Ein drohender Verkehrskollaps, eine auszubauende Verkehrsinfrastruktur mit einem attraktiven ÖPNV, die Schaffung von bezahlbarem Wohnraum und ausreichend vielen Kitaplätzen, der Bau weiterführender Schulen – insbesondere im Norden Potsdams –, die Vermeidung eines exzessiven Personalabbaus und Sparkurses in den Bereichen der inneren Sicherheit und anderer hoheitlicher Aufgaben, die notwendige Digitalisierung und Vereinfachung von Prozessen in der Stadtverwaltung sind nur einige der Mammutaufgaben, denen sich der neue Oberbürgermeister mit seinen Beigeordneten stellen muss.

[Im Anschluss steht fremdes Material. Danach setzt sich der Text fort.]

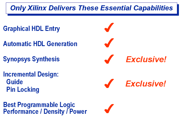 Xilinx's superior HDL solution features graphical HDL entry, automatic HDL generation, and advanced synthesis technology from Synopsys to enable VHDL design in minutes. Advanced M1 device implementation software and unsurpassed pin-locking capabilities combine to reduce runtimes and shorten design iterations to less than ten minutes. Xilinx's XC4000XL FPGA and XC9500 CPLD technologies deliver the best combination of design performance, density, and power in the industry. |
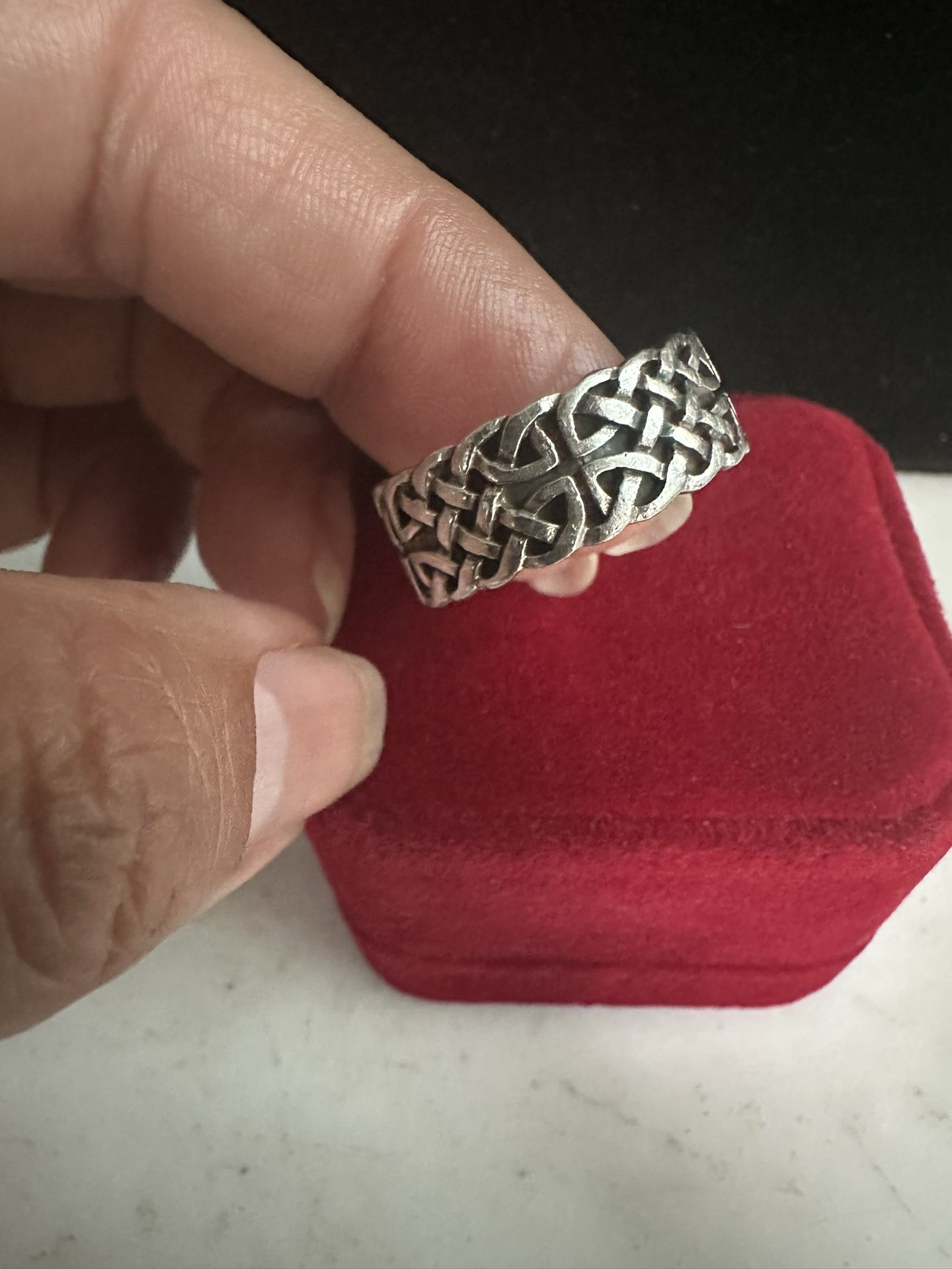 925 Sterling Silver, Celtic W/ Cross Design Wide Band Ring , Size 9.25, Marked 925 , Design All Around The Band, Very Nice Ring
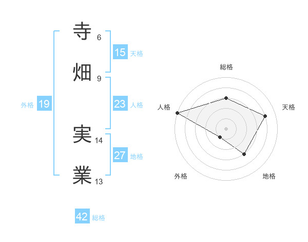 寺畑 実業さんの総格は42画の3点!
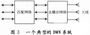 為了提高天線的輻射效率,學(xué)者們提出了DMN技術(shù),即在多個天線的輸入端先加耦合器以去掉天線之間的耦合,然后加匹配網(wǎng)絡(luò),如圖3所示。文獻對這種方法進行了詳細論述,并闡述了用S參數(shù)分析正交模的方法。下面對一個二端口網(wǎng)絡(luò)的天線進行S參數(shù)的分析。
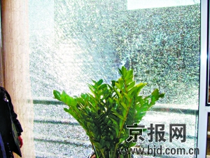 同時(shí)遭殃的還有2層張先生家、3層張女士家。張先生稱,他陽臺上一整塊雙層玻璃的外層成了個(gè)“大花臉”,而重新更換這樣一塊玻璃,需要從外地定做,花費(fèi)高達(dá)6500元。
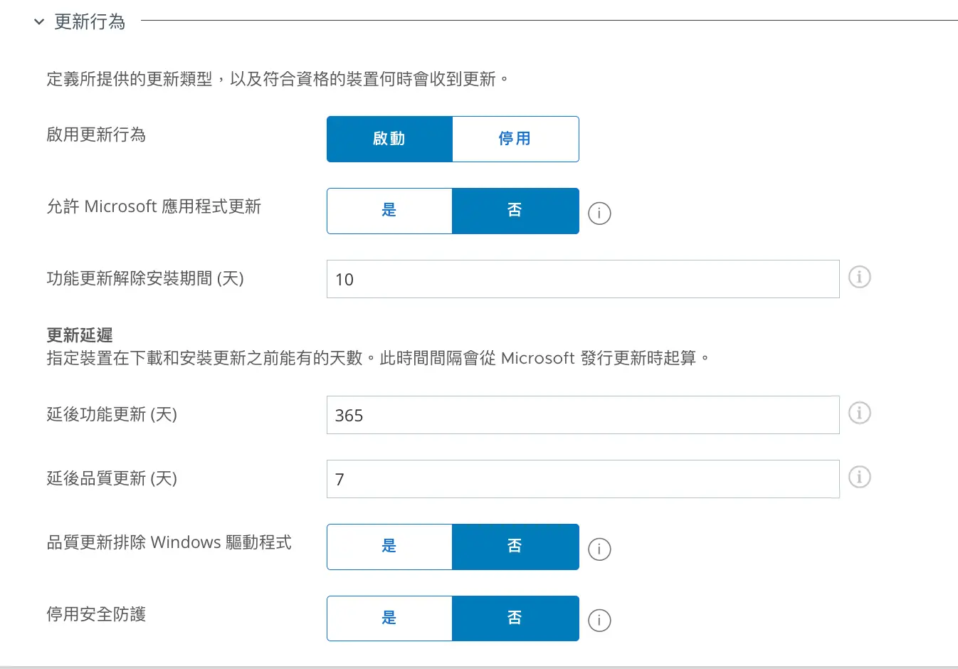 - 延後功能更新:最多可延後 365 天,避免太快升級大版本。
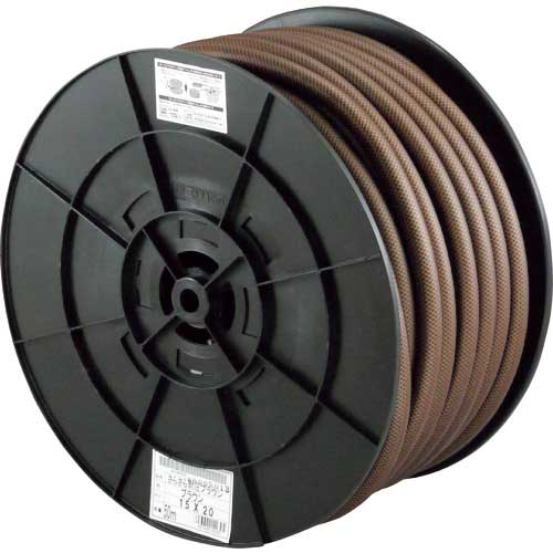 一般家庭水道散水用。特徴レトロ調カラーの落ち着いたブラウンカラーホースです。ホース表面に特殊表面処理を施していますので、ホースがベトつきません。糸入りホースの為、ノズル使用に最適です。中黒ホースなので紫外線をカットし、藻の発生を抑えノズルの目詰まりを防ぎます。仕様長さ(m):50、内径(mm):15、外径(mm):20、使用圧力(MPa):0.6、許容曲げ半径(mm以上):72
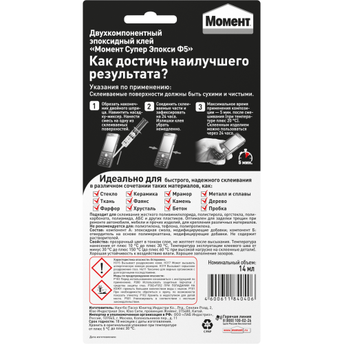 Универсальный эпоксидный клей Момент Супер Эпокси Формула 5 в шприце обеспечит вас комфортным, прочным и быстрым склеиванием при работе практически с любыми материалами.
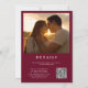 Elegant Burgundy Red Floral Photo QR Code Wedding Invitation
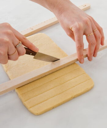 • Réglettes multi-usage qui peuvent aussi être utilisées pour rassembler la pâte en rectangle ou couper des bandes de pâte de 2cm de large
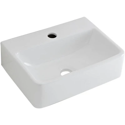 Milano Farington White Rectangular Countertop Wall Mounted 1 Tap Hole Bathroom Basin Sink 400mm x 295mm
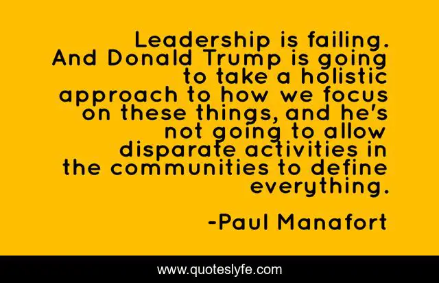 This page presents the quote "Leadership is failing. And Donald Trump is going to take a holistic approach to how we focus on these things, and he's not going to allow disparate activities in the communities to define everything.". Author of this quote is Paul Manafort. This quote is about going, approach, focus,.

Keine Lust mitzugestalten?
Trotz der Möglichkeiten für den einzelnen Bürger, durch seine Stimme direkt mitzuentscheiden, wer in Potsdam dieses wichtige Amt besetzt, war die Beteiligung der vergangenen Wahlen mit noch nicht einmal 50 % relativ niedrig. 2010 lag die Wahlbeteiligung bei unter 46 %.
Gründe dafür könnten sein, dass viele Wähler gar nicht wissen, was ein Oberbürgermeister macht. Ebenso ist die sehr auf eine Person ausgerichtete Wahl nicht gerade davon geprägt, ein aussagekräftiges Programm zu präsentieren.
Wer also mitreden oder mitgestalten und seinen Kandidaten am Ende oben sehen möchte, sollte auf jeden Fall zur Wahl gehen, denn viele rechnen mit einem sehr knappen Ergebnis.